In 2001, fewer than 14 of the 53 African countries were democratic; about 15 today. Never mind the absurdity of dictators standing in judgment of other despots. Even before the PRM was launched, there was backpedalling. President Mbeki of South Africa was reticent on how to implement peer review. “He talked vaguely about market reaction to the reviews, and a system of credit ratings for participating countries. Zambia’s Levy Mwanawasa, who was elected in dubious circumstances in Jan 2002, argued that `peer review must not be about isolation.’ And Mozambique’s Joaquim Chissano said it was too early to talk of peer pressure, even on countries as badly governed as Zimbabwe” (The Economist, June 22, 2002; p.44).
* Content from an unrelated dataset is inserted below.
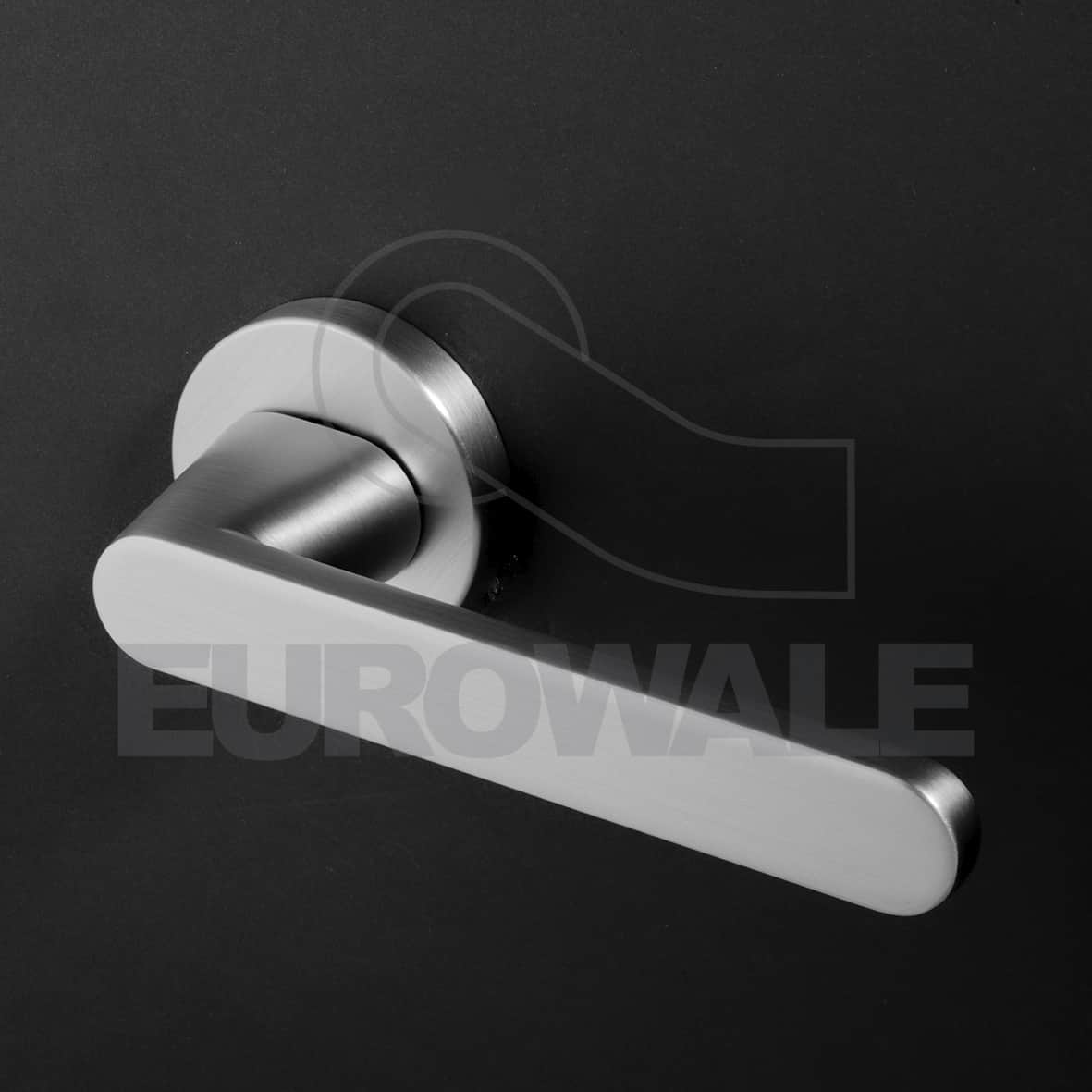 • Poignée massive avec ressort de rappel sur rosace ronde à clipser sur sous-construction en nylon

When the peer review mechanism was formally launched at the March 2003 Abuja meeting, it was “intended as a voluntary ‘self-monitoring’ system by which participating African countries would subject themselves to ongoing examination by other Africans in such priority areas as peace and security, democracy and political governance, and economic and corporate management” (Africa Recovery, May 2003; p.8). At the Abuja meeting, only 10 out of 53 African countries officially acceded to the PRM. Two years later, “Out of 53 members of the AU, only 23 have signed the Peer Review Protocol. Not even the shining example of democracy in Africa, Botswana, was prepared to subject itself to the Peer Review mechanism scrutiny . . . Of the 23 signatories only two, Rwanda and Ghana, underwent the PR process” (.Mmegi/The Reporter, Gaborone, July 12, 2005; web posted). Obviously, such a mechanism would not work if only the “good guys” signed up and there are no costs to the “bad guys” for nonparticipation.